Познакомившись с переведенными Фенелозой пьесами Но, Йейтс создал на их основе собственный мистический театр. Конфликт в этих “аристократических” спектаклях всегда разрешался взятыми из традиции Но экстатическими танцами. Исполнять такую пляску (“чтобы душа и тело были неразличимы”) мог только один человек в Англии – японец Ито Мичио. Готовясь к премьере йейтсовской пьесы, написанной по мотивам японского “Ястребиного источника”, он часами плясал в лондонском зоопарке, подражая повадкам хищных птиц. Когда Ито покинул Европу, Йейтс оставил японские эксперименты.

Но цепочка не прервалась. Хоровод, завершающий и разрешающий конфликты, встречается в фильмах Бергмана и Феллини. Еще очевиднее театр Но отозвался в самой знаменитой пьесе xx века – “В ожидании Годо”. Пустая сцена с одиноким деревом, фигура вестника, мотив путешествия, ожидание deus ex machina, ритуальная условность происходящего, трагикомическая пляска-пантомима, мистериальное содержание – все это – скелет театра Но, который, как на рентгеновском снимке, просвечивает сквозь мюзик-холльную поэтику беккетовского шедевра.

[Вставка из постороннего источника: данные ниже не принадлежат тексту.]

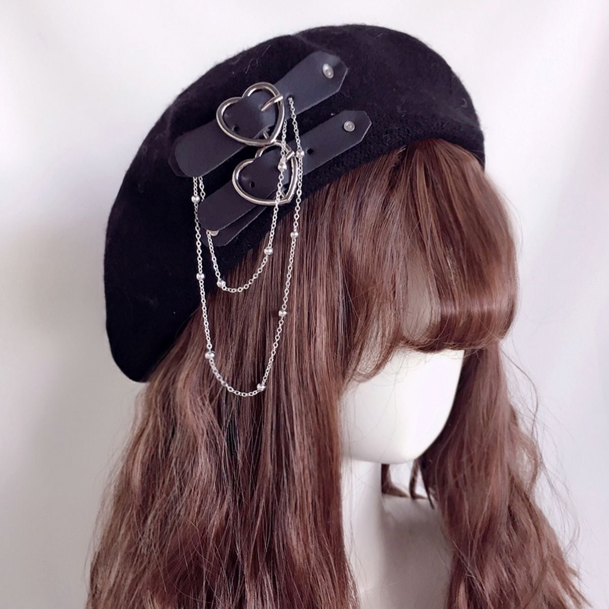 サイドハートストラップチェーン付きベレー帽

В Токио вокруг Фенелозы сложился кружок американцев, страстно увлекавшихся Японией. Его друзья, по преимуществу бостонцы, стали экспертами: Морз собирал керамику, Лоуэлл – оккультные истории, Хеарн – легенды о сверхъестественном. Бигелоу стал убежденным буддистом. Он основал первый в Америке буддийский центр на островке вблизи Нантакета. Когда Бигелоу умер, родственники-пуритане хоронили его в закрытом гробу – по завещанию покойника обрядили в одеяние буддийского монаха.

К Японии у американцев был свой интерес. В конце XIX века во всем мире только эти две страны избежали прямого воздействия европейского колониализма. Воодушевленные бостонскими трансценденталистами, американские интеллектуалы мечтали о новой цивилизации, построенной по отличному от Старого Света образцу.

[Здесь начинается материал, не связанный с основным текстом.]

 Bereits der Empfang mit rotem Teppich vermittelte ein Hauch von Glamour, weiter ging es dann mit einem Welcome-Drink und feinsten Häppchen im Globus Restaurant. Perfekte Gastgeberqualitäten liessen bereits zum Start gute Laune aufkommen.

Европа владеет нами все меньше. Свобода нашей страны, ее молодость не могут не внушать нам предчувствия, что в Америке законы и общественные институты в какой-то мере будут соответствовать величию Природы. Когда люди управляют территорией между двумя океанами, между снегами и тропиками, какой-то отголосок, отличающий Природу, должен передаться их законам.

Эмерсон

Как многих современников и единомышленников, Фенелозу воодушевлял и пугал безудержный ход прогресса. Вооруженный техническим могуществом Запад поглощал Восток, не успев обогатить себя тем, чего ему не хватало. “Средства без цели слепы, – писал Фенелоза, – цель без средств беспомощна”. Техника – инструмент науки, которая умеет отвечать на вопросы. Задавать их – привилегия культуры. Цивилизация без культуры, как показал кумир следующего поколения Шпенглер, ведет к духовному оскудению, к безрадостной механической жизни.

Шпенглер, исповедовавший взаимную непроницаемость Востока и Запада, считал положение безвыходным. Фенелоза был уверен в обратном. Преодолевая империалистический соблазн викторианского века, он сформулировал поэтическую и геополитическую концепцию единого мира, рожденного от брака Запада с Востоком. Пафос этой по-американски прагматической и оптимистической идеи заключался в объединении западной научно-технической мощи с восточным “эстетическим инстинктом и опытом духовного созерцания”. Этот союз обещал синтез прогресса и религии, тела и духа, богатства и красоты, агрессивного мужского и восприимчивого женского начал.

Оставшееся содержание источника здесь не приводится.